A number of more or less self-explanatory terms are used to describe the stages of a spontaneous abortion. Threatened abortion is the first stage usually associated with symptoms like a little bleeding but without passage of tissues or watery fluids. Abdominal cramps may be present but are usually not too prominent. A threatened abortion is a very common occurrence in pregnancy with some authorities estimating its frequency at about 30 per cent of all pregnancies. About half of such cases go on to loss of the pregnancy. Incidentally, about 1 per cent of couples face the problem of recurrent miscarriages with repeated loss of pregnancy.
It may be difficult for the doctor to differentiate bleeding due to a threatened abortion from other causes such as an ectopic pregnancy. This is especially so if ultrasonography does not show the pregnancy clearly. Ultrasonography is a very operator sensitive and patient sensitive investigation and early pregnancy may easily be overlooked, especially in an obese woman. If the pregnancy test (hCG levels in blood) suggest the probability of a pregnancy and ultrasonography does not reveal the pregnancy inside the uterus, it would suggest the possibility of an ectopic pregnancy.

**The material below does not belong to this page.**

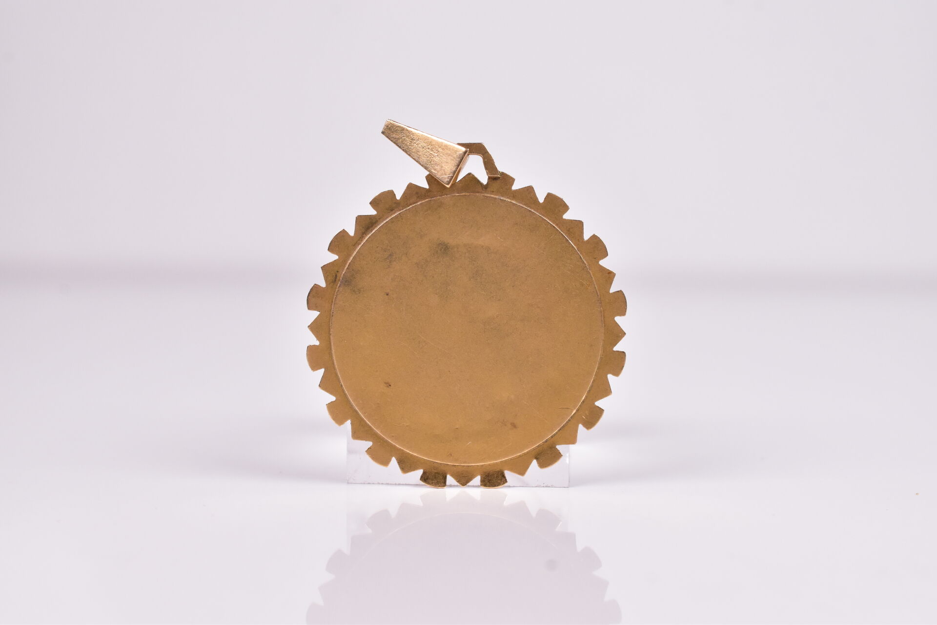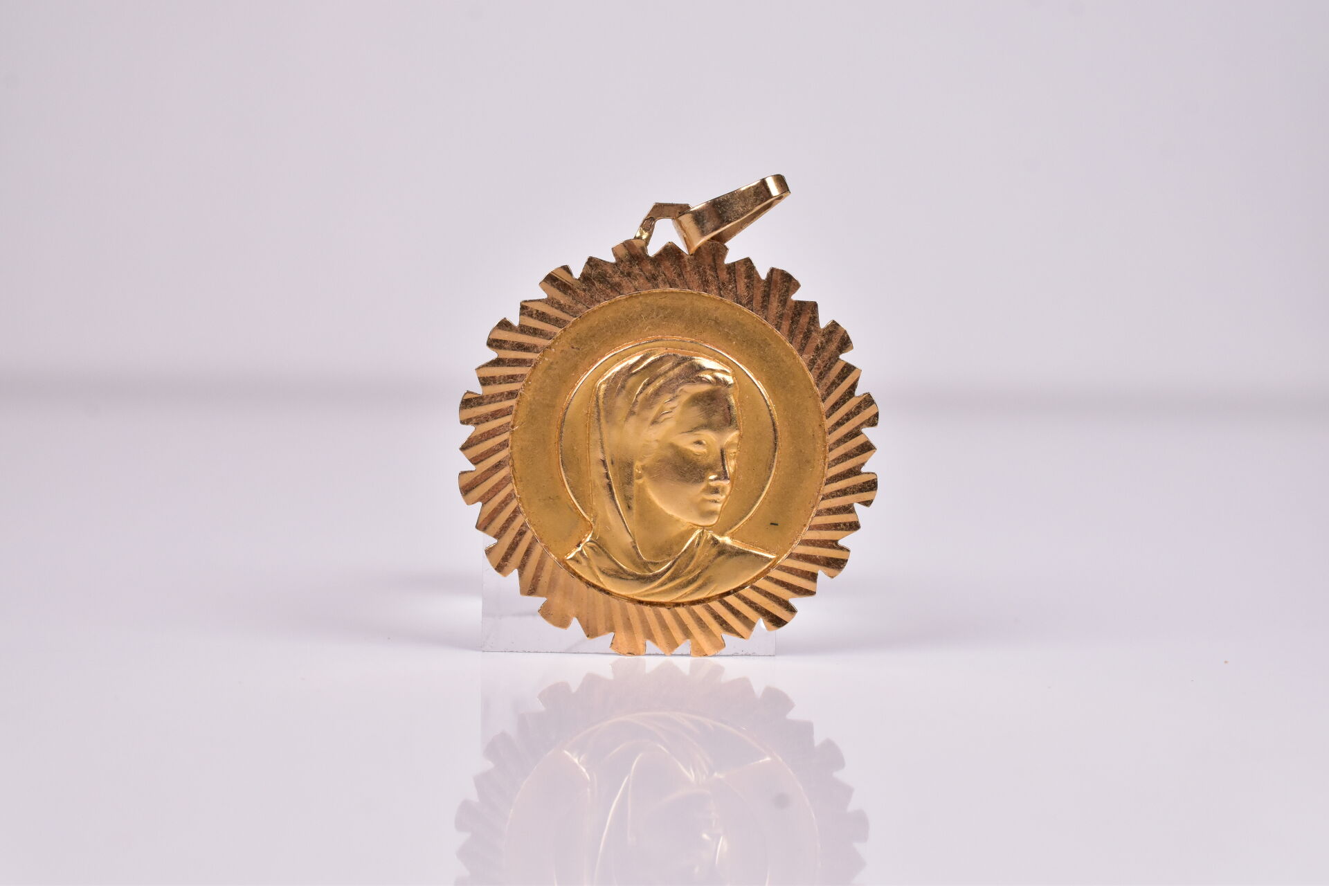 Ensemble de bijoux religieux en or jaune 18K 750/1000e comprenant une croix et trois médailles (deux gravées). Poids de l’ensemble : 10,6 g.

Inevitable abortion is the next stage in the natural course of a spontaneous abortion. At this stage, bleeding is heavier and abdominal cramps are fairly prominent. However, there is still no passage of tissues. As the name clearly states, the pregnancy is beyond salvage.
Incomplete and complete abortion describes the partial and total loss of the tissues of the pregnancy respectively. The woman complains of passage of tissues and of blood and clots. In incomplete abortion, some of the tissues are still retained in the uterus while in complete abortion the uterine cavity is free of such retained tissues. Physical examination by the gynaecologist as well as examination by ultrasonography is helpful in differentiating between the two. In a completed abortion, the pain will have subsided but in an incomplete abortion the abdominal cramps often continue till all the uterine contents are emptied.
Another term is "missed" abortion and this is exactly what it is. The spontaneous termination of the pregnancy occurs with hardly any symptoms. The dead foetus is retained within the uterine cavity but without causing bleeding or pain. Ultrasonography is of help in confirming the diagnosis.
The commonest cause of a miscarriage is a chromosomal abnormality in the foetus inconsistent with continuation of life. About 80 per cent of all miscarriages occur in the first trimester and of these about 90 per cent are attributed to such chromosomal abnormalities. In the second trimester, other conditions are more often contributory to the occurrence of miscarriages. Even then, chromosomal abnormalities are estimated to account for more than 30 per cent of miscarriages in the second trimester.